= Alijt Bake =

Alijt Bake (born 1415 in Utrecht, died 1455 in Ghent), was a nun and writer, prioress of the Galilea convent in Ghent, Belgium. Among her writings is a spiritual autobiography containing accounts of encounters with Christ.

Bake joined the Galilea convent in 1438. The Augustinian convent was founded in 1431, and joined the Congregation of Windesheim in 1438. When she joined, she was 23 and already experienced enough to have run-ins with the prioress, Hilde Sonterlants, whom she referred to as "Mater Hildegont". She took her vows in 1440, and when Sonterlants died in 1445, Bake was elected to succeed her.

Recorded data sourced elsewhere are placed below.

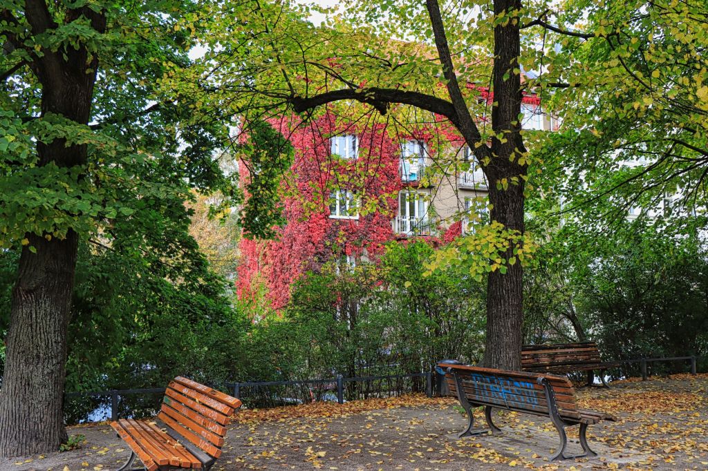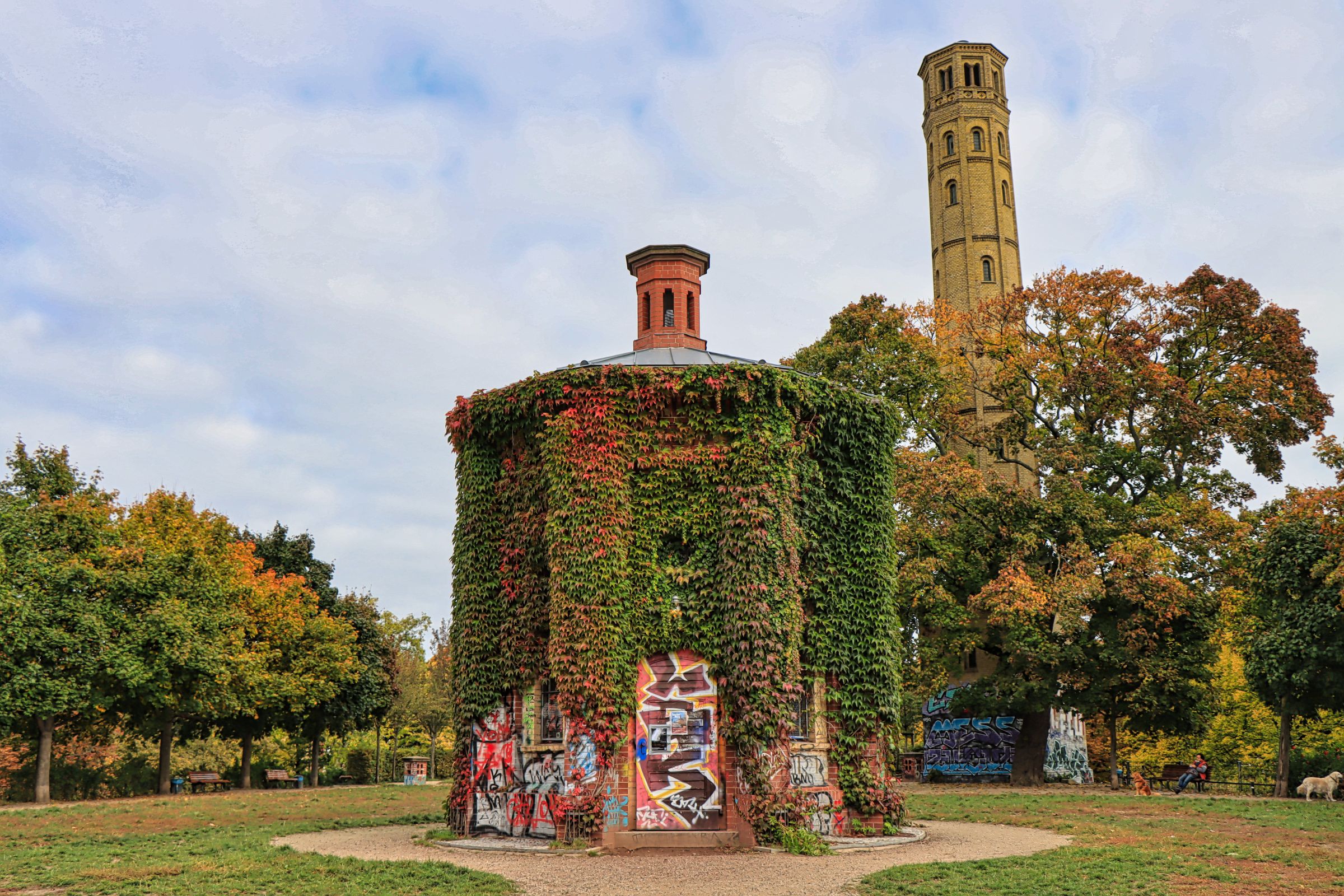 Als Ziel für den nächsten Tag hatte ich mir den Wasserturm an der Knaakstraße vorgenommen. Der Turm in Prenzlauer Berg ist der älteste Berliner Wasserturm, fertiggestellt 1877 und in Betrieb bis 1952. Dahinter befindet sich noch ein Standrohrturm und ein Erdbehälter sowie ein kleiner Park mit Bänken und Spielplatz. Gerade jetzt im Herbst ergab sich ein schöner Fotohotspot. Zeit dort einen Moment zu verweilen. Auf dem Rückweg bin ich dann erstmal bei Konnopke auf eine Currywurst eingekehrt und habe dann noch im Park am Nordbahnhof nach neuen Street Art Motiven auf den alten Mauerresten Ausschau gehalten.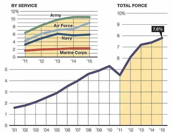 美国空军的肥胖率几乎逐年递增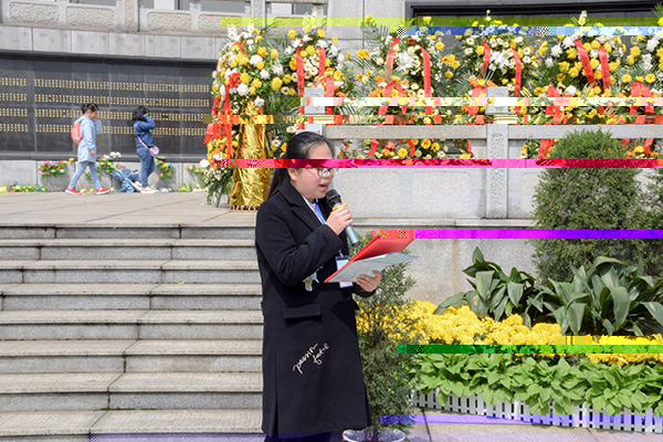 活動初始,我院學子來到烈士墓前,他們向革命先烈們敬獻鮮花,并莊重鞠躬,表達着他們對先烈們的哀悼與敬仰之情。在參觀完烈士墓後,同學們懷着沉重的心情來到革命烈士紀念碑下,烈士碑四周松柏環繞,氣氛莊嚴。首先,由全體人員共同奏唱國歌。曲畢,集體為革命先烈們默哀一分鐘。全程靜穆莊重,同學們心潮起伏,思緒萬千。緊接着,我院學子齊誦了毛澤東詩篇《七律·長征》、《清平樂·六盤山》,将無限的敬意化成锵金鳴玉的朗誦,回蕩在紀念碑廣場上。

Bake's first challenge was how to reinvigorate and reform the convent life. She considered joining the Bethlehem convent in Ghent, which belonged to the Poor Clares and had flourished under the leadership of Coleta von Corbie, but in the end decided to stay and attempt to renew life at Galilea.

The leadership of her congregation deposed and banished her in 1455.

Her De vier kruiswegen, one of many women's texts produced during the Devotio Moderna movement, proposes an Imitatio Christi; the intellect, in the form of believer's soul, will be united with God, while nature, as the believer's body, will be united with the body of Christ.

Her autobiography is held in the State Archive of Ghent.